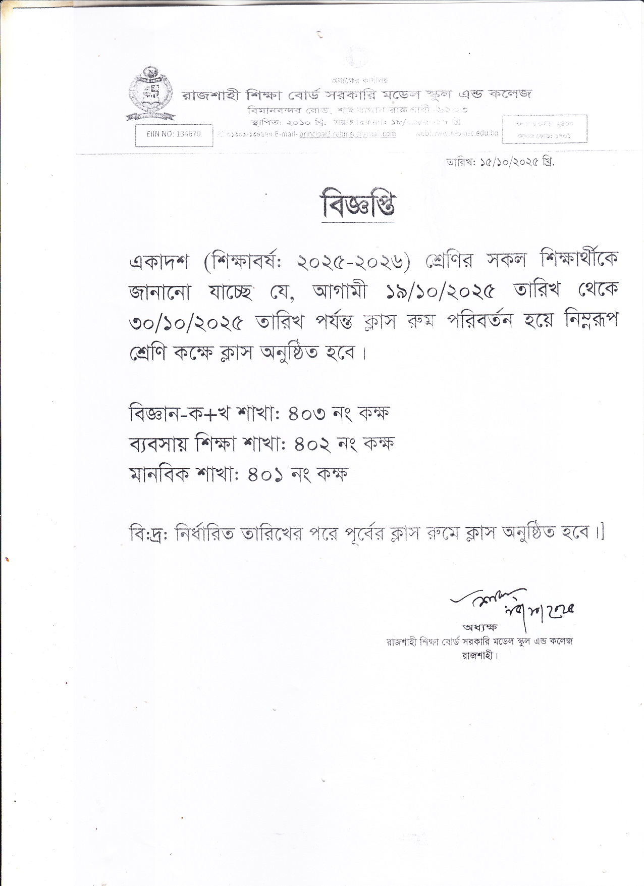 একাদশ শ্রেণির ক্লাস রুম পরিবর্তন সংক্রান্ত বিজ্ঞপ্তি।
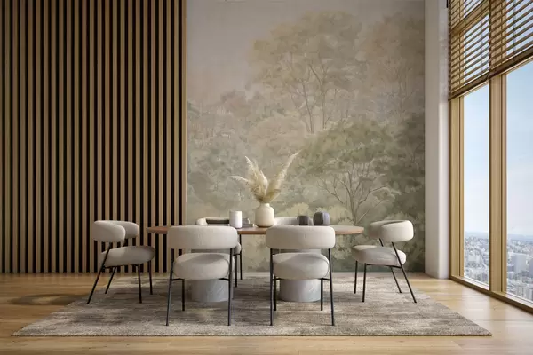 Murais de parede Paisagem florestal vintage em tons suaves de verde Nr. w05433
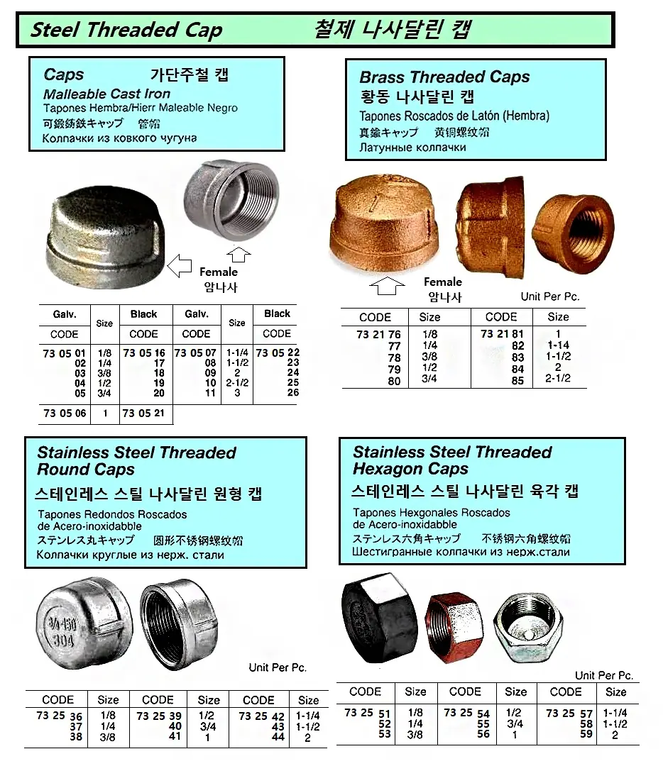 | Description | CAP, SCREWED, MALLEABLE CAST IRON, GALV, 1-1/4 |
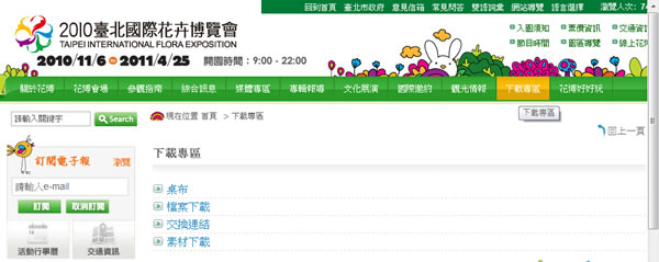 首頁線上工具生活資訊 2010臺北國際花卉博覽會 - 電腦桌布及吉祥物下載 「2010臺北國際花卉博覽會」也算是台灣的一件大事了,時間從 2010.11.6 至 2011.4.25 每日的 9:00 至 22:00 展出,開幕前一天,到其網站搜尋資料,發現有吉祥物的圖片及電腦桌布可供下載,喜愛花卉的朋友可不要錯過。 🔔 不錯過任何精彩! 立即訂閱我們的 LINE 官方帳號 每次發佈新文章時,您將會第一時間收到本站文章連結通知,輕鬆掌握最新資訊! 使用 LINE 追蹤文章更新 §相關文章,還可以參閱:BLACKPINK 寫下 YouTube 新歷史:全球首個突破 1 億訂閱的音樂藝人頻道Apple Music 台灣新用戶優惠:6個月免費暢聽,領取方式與限制一次看!2026春節追劇清單!Netflix 2月必看攻略:燒腦推理、火爆動作片,陪你從初一爽追到開工!459 萬人搶 60 萬份!運動幣中獎號碼公布,快查你的身分證尾數都馬一起GO!LINE GO新年優惠最高拿$800優惠券,還有一個月乘車金等你抽 如何下載2010臺北國際花卉博覽會 - 電腦桌布及吉祥物? 1.進入網站後,切換到下載專區,便可看到[桌布]及[素材下載] >[吉祥物下載]。 2.桌布下載,共有 14 種樣式的1024X768 與 1280X960 尺寸可供下載,下載後,可在預覽圖片上,設成桌面背景即可。 3.吉祥物下載,下載後解壓縮即可。 「2010臺北國際花卉博覽會」網站網址:http://beta.2010taipeiexpo.tw/MP_3.html
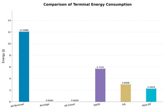 From the perspective of terminal device sustainability, energy consumption is a critical factor. Figure 4 illustrates that the All-Terminal strategy is the most power-intensive, consuming 12.10 J. While the All-Cloud and All-Edge strategies eliminate terminal computation energy entirely, they do so at the cost of the high latencies shown previously. Notably, the latency-centric DADS approach consumes a considerable 5.72 J, underscoring the trade-off of its single-objective focus. The standard GA offers a reasonable compromise, reducing energy to 3.04 J. Our HGA-DP excels further, lowering the terminal energy consumption to only 2.29 J.
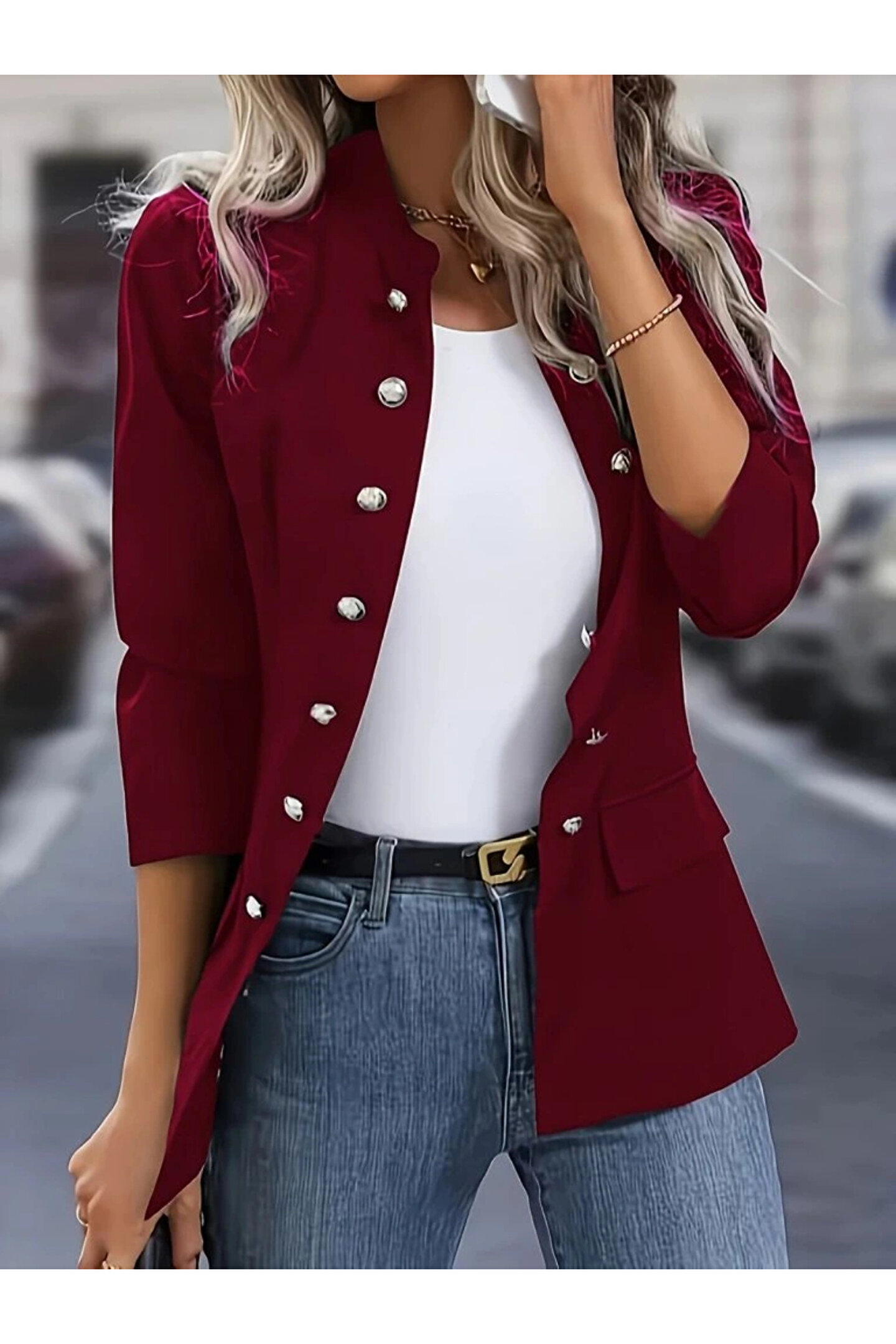 Kadın Uzun Kollu Hakim Yaka önden Düğmeli Kısa Atlas Ceket
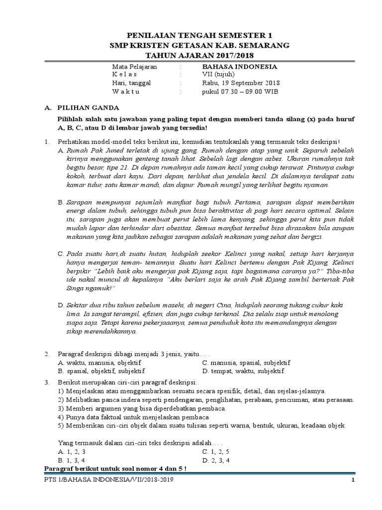 Soal Pilihan Ganda Teks Deskripsi Kelas 7 Dan Jawabannya - Soal Bahasa Indonesia Kelas 7 Smp Mts 2021 Semester 1 Dan 2 - Latihan soal materi buku fiksi dan nonfiksi kelas viii.. Setiap orang memiliki perbedaan dalam pemilihan bahan untuk dibaca. 2) daya tarik yang ditawarkan di tempat ini adalah pemandangan matahari saat terbit dan terbenam kunci soal pendalaman pilihan ganda 1. Latihan soal penilaian akhir semester 2019 bahasa indonesia. Internet pertama kali digunakan oleh. Materi sebelumnya 5 soal dan jawaban essay tentang pemanasan global.

_____

Exercise directions:
With the images omitted, return the full material exactly.

Exercise answer:
 একাদশ শ্রেণির ক্লাস রুম পরিবর্তন সংক্রান্ত বিজ্ঞপ্তি।
 Murais de parede Paisagem florestal vintage em tons suaves de verde Nr. w05433
 | Description | CAP, SCREWED, MALLEABLE CAST IRON, GALV, 1-1/4 |
 首頁線上工具生活資訊 2010臺北國際花卉博覽會 - 電腦桌布及吉祥物下載 「2010臺北國際花卉博覽會」也算是台灣的一件大事了,時間從 2010.11.6 至 2011.4.25 每日的 9:00 至 22:00 展出,開幕前一天,到其網站搜尋資料,發現有吉祥物的圖片及電腦桌布可供下載,喜愛花卉的朋友可不要錯過。 🔔 不錯過任何精彩! 立即訂閱我們的 LINE 官方帳號 每次發佈新文章時,您將會第一時間收到本站文章連結通知,輕鬆掌握最新資訊! 使用 LINE 追蹤文章更新 §相關文章,還可以參閱:BLACKPINK 寫下 YouTube 新歷史:全球首個突破 1 億訂閱的音樂藝人頻道Apple Music 台灣新用戶優惠:6個月免費暢聽,領取方式與限制一次看!2026春節追劇清單!Netflix 2月必看攻略:燒腦推理、火爆動作片,陪你從初一爽追到開工!459 萬人搶 60 萬份!運動幣中獎號碼公布,快查你的身分證尾數都馬一起GO!LINE GO新年優惠最高拿$800優惠券,還有一個月乘車金等你抽 如何下載2010臺北國際花卉博覽會 - 電腦桌布及吉祥物? 1.進入網站後,切換到下載專區,便可看到[桌布]及[素材下載] >[吉祥物下載]。 2.桌布下載,共有 14 種樣式的1024X768 與 1280X960 尺寸可供下載,下載後,可在預覽圖片上,設成桌面背景即可。 3.吉祥物下載,下載後解壓縮即可。 「2010臺北國際花卉博覽會」網站網址:http://beta.2010taipeiexpo.tw/MP_3.html
 From the perspective of terminal device sustainability, energy consumption is a critical factor. Figure 4 illustrates that the All-Terminal strategy is the most power-intensive, consuming 12.10 J. While the All-Cloud and All-Edge strategies eliminate terminal computation energy entirely, they do so at the cost of the high latencies shown previously. Notably, the latency-centric DADS approach consumes a considerable 5.72 J, underscoring the trade-off of its single-objective focus. The standard GA offers a reasonable compromise, reducing energy to 3.04 J. Our HGA-DP excels further, lowering the terminal energy consumption to only 2.29 J.
 Kadın Uzun Kollu Hakim Yaka önden Düğmeli Kısa Atlas Ceket
 Soal Pilihan Ganda Teks Deskripsi Kelas 7 Dan Jawabannya - Soal Bahasa Indonesia Kelas 7 Smp Mts 2021 Semester 1 Dan 2 - Latihan soal materi buku fiksi dan nonfiksi kelas viii.. Setiap orang memiliki perbedaan dalam pemilihan bahan untuk dibaca. 2) daya tarik yang ditawarkan di tempat ini adalah pemandangan matahari saat terbit dan terbenam kunci soal pendalaman pilihan ganda 1. Latihan soal penilaian akhir semester 2019 bahasa indonesia. Internet pertama kali digunakan oleh. Materi sebelumnya 5 soal dan jawaban essay tentang pemanasan global.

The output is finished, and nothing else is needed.